━━ MATERIAL FOR THIS EXERCISE
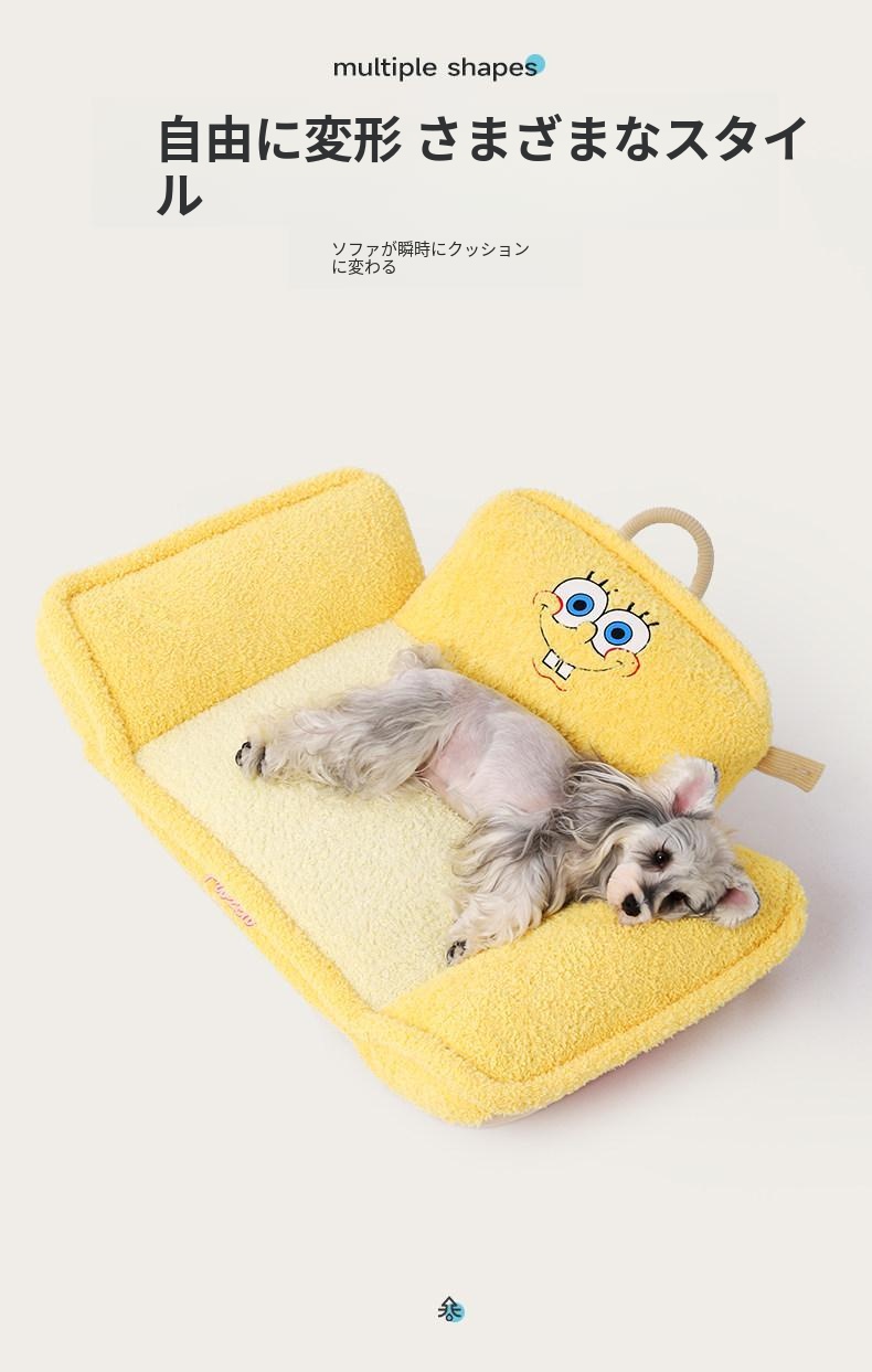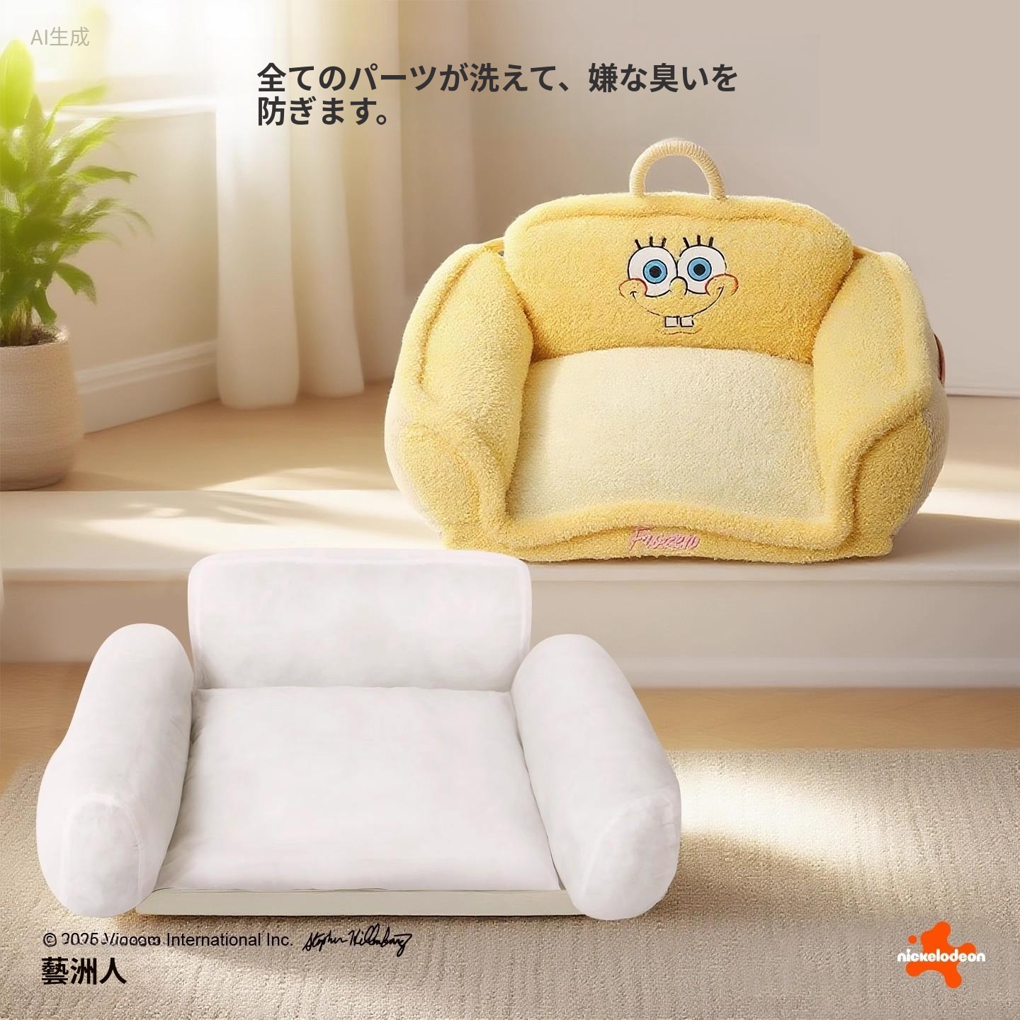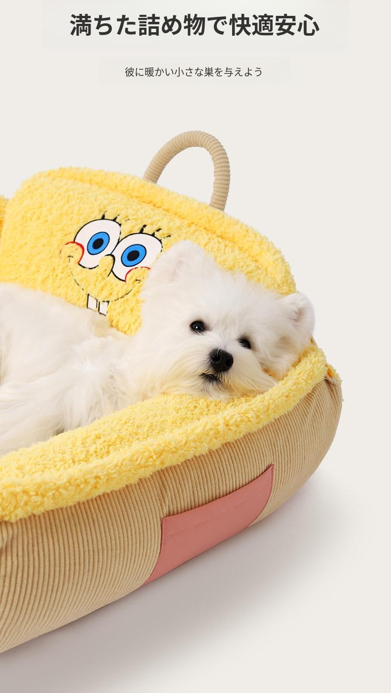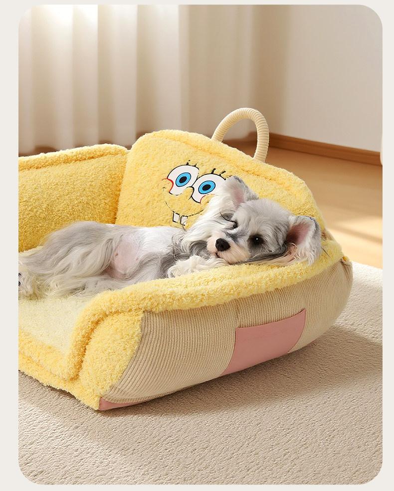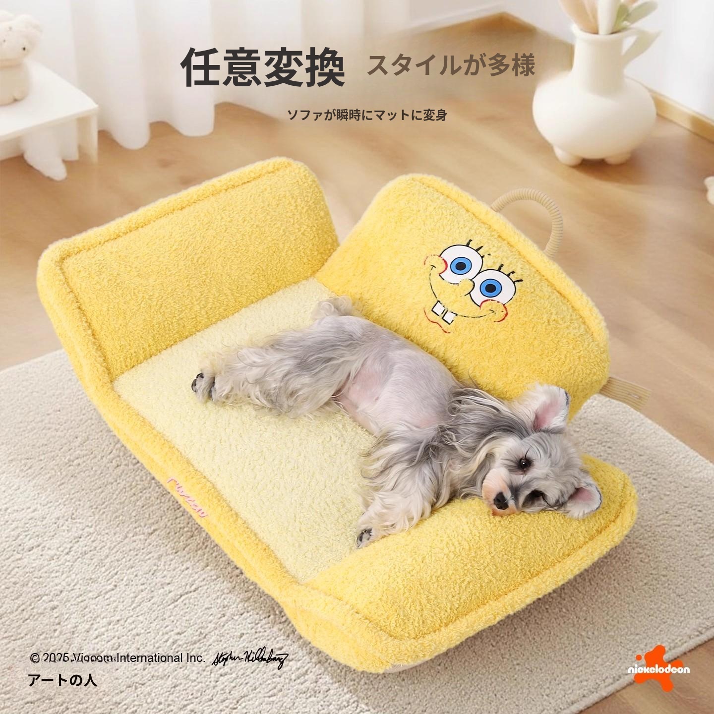 Hoopet × スポンジボブ コラボ 元宝型ソファベッド 四季対応・洗濯可能 小猫小犬用 おしゃれで快適な寝床
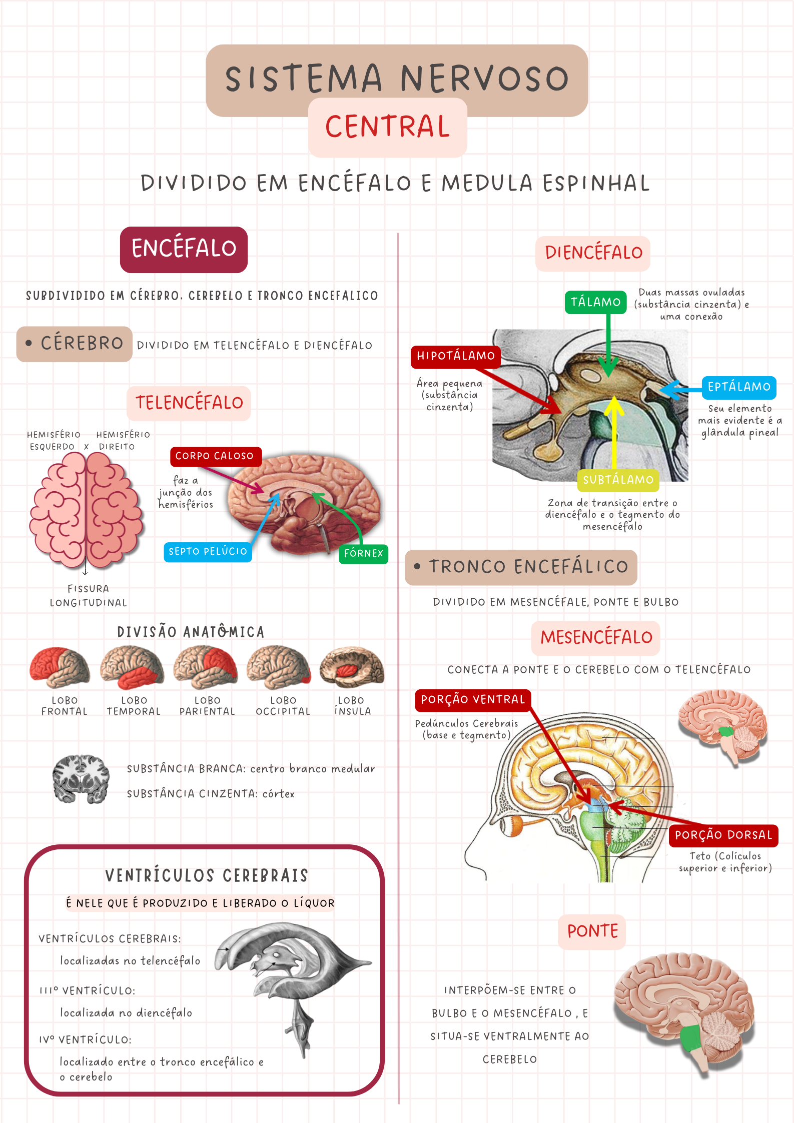 <p>SISTEMA NERVOSO CENTRAL DIVIDIDO EM ENCÉFALO E MEDULA ESPINHAL ENCÉFALO DIENCÉFALO SUBDIVIDIDO EM CÉREBRO. CEREBELO E TRONCO ENCEFALICO Duas massas ovuladas TÁLAMO (substancia cinzenta) e uma conexão CÉREBRO TELENCÉFALO DIENCÉFALO DIVIDIDO EM E HIPOTÁLAMO pequena EPTÁLAMO TELENCÉFALO (substancia cinzenta) Seu elemento mais evidente é a HEMISFÉRIO HEMISFÉRIO glandula pineal ESQUERDO X DIREITO CORPO CALOSO faz a SUBTÁLAMO dos Zona de transição entre o e o tegmento do SEPTO FORNEX TRONCO ENCEFÁLICO FISSURA LONGITUDINAL DIVIDIDO EM PONTE E BULBO DIVISÃO MESENCÉFALO CONECTA A PONTE E o CEREBELO COM TELENCÉFALO LOBO LOBO LOBO LOBO LOBO PORÇÃO VENTRAL FRONTAL TEMPORAL PARIENTAL OCCIPITAL INSULA Pedúnculos Cerebrais (base e SUBSTÂNCIA BRANCA: centro branco medular SUBSTÂNCIA CINZENTA: cortex PORÇÃO DORSAL Teto VENTRÍCULOS CEREBRAIS superior e inferior) É NELE QUE É PRODUZIDO E LIBERADO o LÍQUOR VENTRÍCULOS CEREBRAIS: PONTE localizadas no 111° VENTRÍCULO: ENTRE o localizada no BULBO E o MESENCÉFALO E IV° VENTRÍCULO: SITUA-SE VENTRALMENTE AO localizado entre o tronco encefálico e CEREBELO o cerebelo</p>
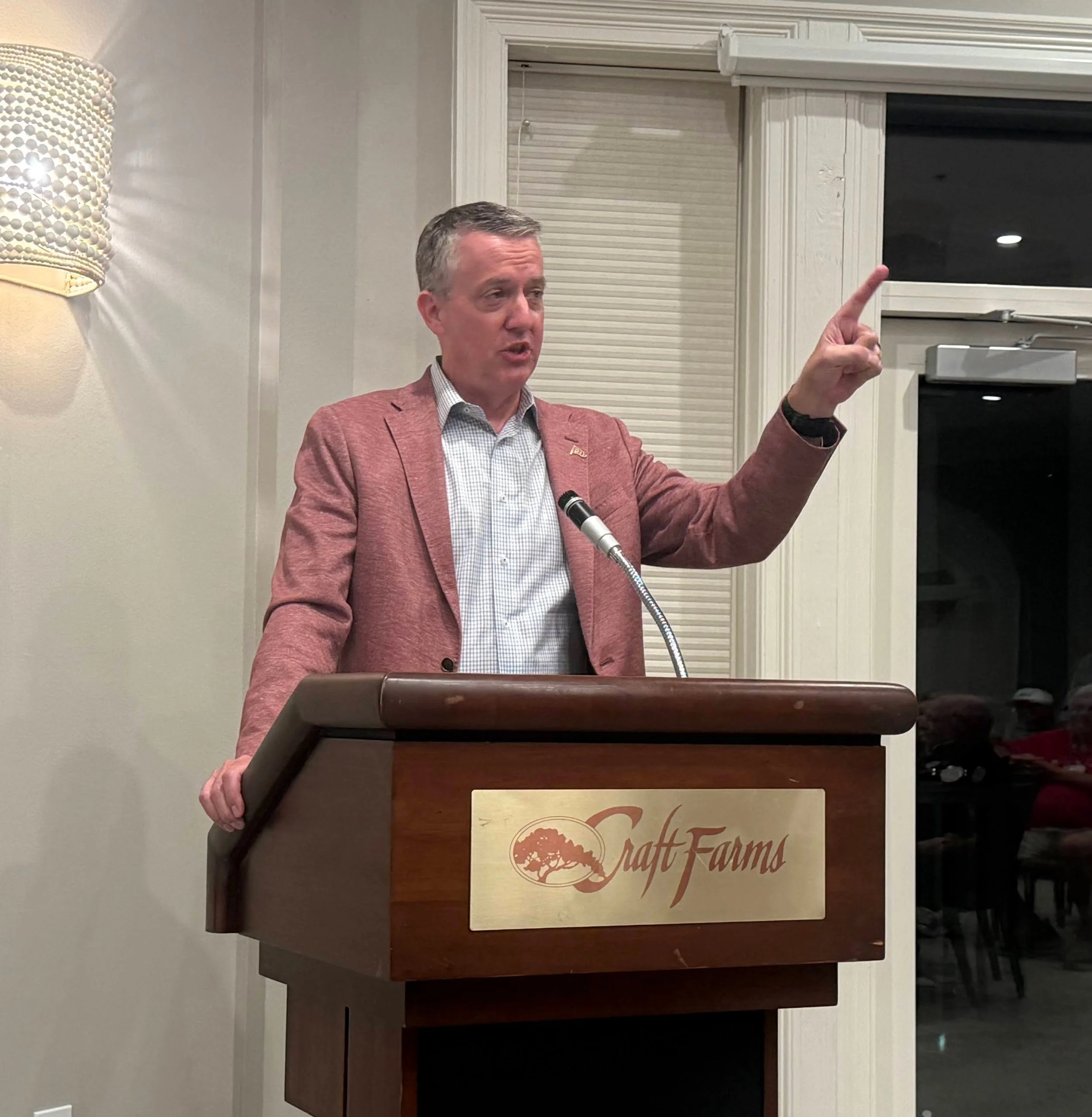 The Gulf Coast Athletic Club started its new season and opened its August 25, 2025 meeting in the Clubhouse at Craft Farms Golf Resort at 6:58pm. Returning President George Autrey welcomed the crowd of 75 attendees as our Football Family. Guest were introduced, including Mayor Robert Craft.
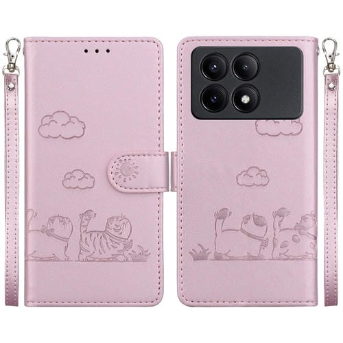 Funda de Cuero Rfid con Diseño de Gatos para Xiaomi Poco X6 Pro (Oro Rosa)
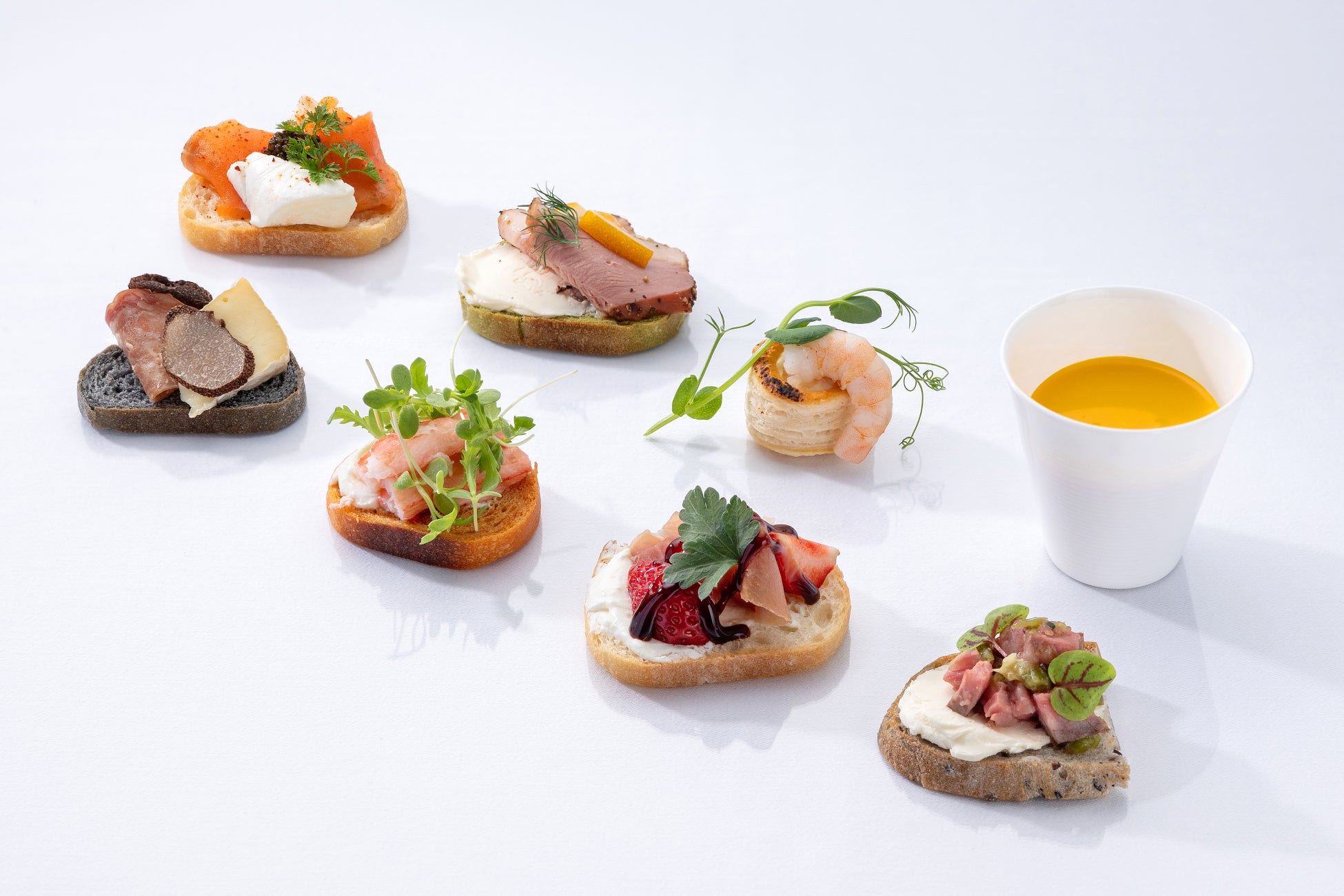 本アフタヌーンティーでは、チーズを軸に、肉・魚介・野菜それぞれの素材の個性を引き出したセイボリーを中心に構成しています。各タルティーヌは、使用するチーズや素材の組み合わせにより、異なる味わいを楽しめる内容となっています。
━━━━
> **PROBLEM TO SOLVE**: The expected output is exactly the lines from the one containing "The Gulf Coast" through the last line of the listing, both included, with every picture left out.

> **ANSWER**:
 The Gulf Coast Athletic Club started its new season and opened its August 25, 2025 meeting in the Clubhouse at Craft Farms Golf Resort at 6:58pm. Returning President George Autrey welcomed the crowd of 75 attendees as our Football Family. Guest were introduced, including Mayor Robert Craft.
 Funda de Cuero Rfid con Diseño de Gatos para Xiaomi Poco X6 Pro (Oro Rosa)
 本アフタヌーンティーでは、チーズを軸に、肉・魚介・野菜それぞれの素材の個性を引き出したセイボリーを中心に構成しています。各タルティーヌは、使用するチーズや素材の組み合わせにより、異なる味わいを楽しめる内容となっています。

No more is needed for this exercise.